Working at Home: How to Stay Productive & Healthy

Press Release
  1. Carve out a dedicated work space. Whether it is a separate room, a separate corner of a room, or a separate corner of a table, identify it as your special place to work. Clear off non-work papers and items and put them somewhere else. Signal to your family that when you’re at that spot, you’re working.
  2. Stick to a schedule. Maintaining your work schedule and routine can help you feel grounded and stay productive. Start working when you usually start working and stop working when you usually stop working. Take breaks and walk, move around, do a down-dog, get some air. Take a lunch break, preferably away from your work space. Even if you normally eat lunch at your desk, it’s better not to do so when you’re working from home. At the end of the work day, shut down your computer and clean up your work space.
  3. Get dressed in the morning. Don’t succumb to the urge to work in pajamas surrounded by fluffy pillows and blankets.
  4. Communicate, communicate and communicate some more. Give and ask for clear deadlines and regularly check in with everyone with whom you’re working. Be sure to be in touch at least once a day, preferably twice, and more often if needed. Don’t let a full day go by during which you haven’t checked in even if you’re cruising along and don’t have any questions or something in particular to convey.
  5. Communicate with your family too. Check in on how things are going and what changes you should make to continue to work at home peacefully. (As I write this, I’m closing my home office door so I can’t hear my husband’s peloton instructor urging him on.) In addition, keep work talk to a minimum with your family – they’re likely dealing with their own work drama and you want to be a respite for each other.
  6. Maintain your usual exercise and eating habits. The best way to use the extra time you’re saving by not having to commute is to take of yourself.
  7. Be gentle with yourself and especially kind to others. We’re all living with uncertainty and degrees of fear. It will take some time to adjust. Finding ways to work at home productively will be a process of trial and error so try to be patient.

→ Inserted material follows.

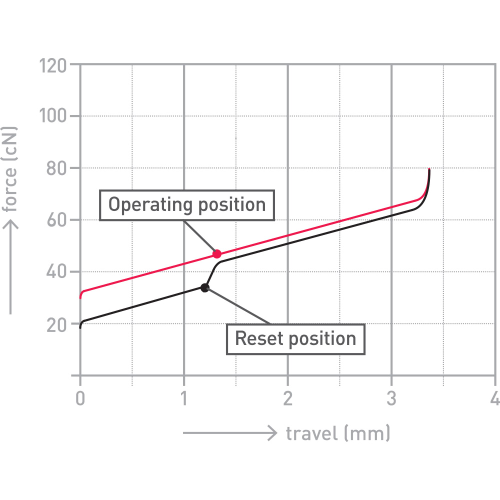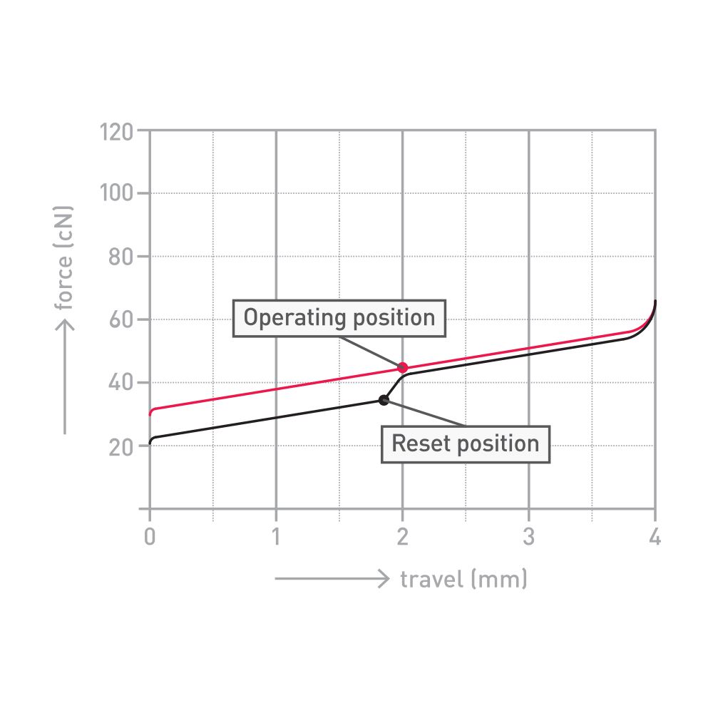 MX Red không có khấc giữa mỗi lần nhấn và đặc tính mà nhiều người lựa chọn loại Switch này là vì âm thanh khi bấm phím nhỏ không gây ảnh hưởng cho những người xung quanh, phù hợp cho công việc văn phòng gõ văn bản và các Game thủ yêu thích sự yên tĩnh.

Here’s a fascinating piece of history that shows how productive one can be while working at home:

Sir Isaac Newton was an English mathematician, physicist, astronomer, theologian, and author widely recognized as one of the most influential scientists of all times. He had obtained his BA degree in August 1665 when his university temporarily closed as a precaution against the Great Plague. Although he had been undistinguished as a Cambridge student, Newton's private studies at his home in Woolsthorpe over the subsequent two years saw the development of his theories on calculus, optics, and the law of gravitation.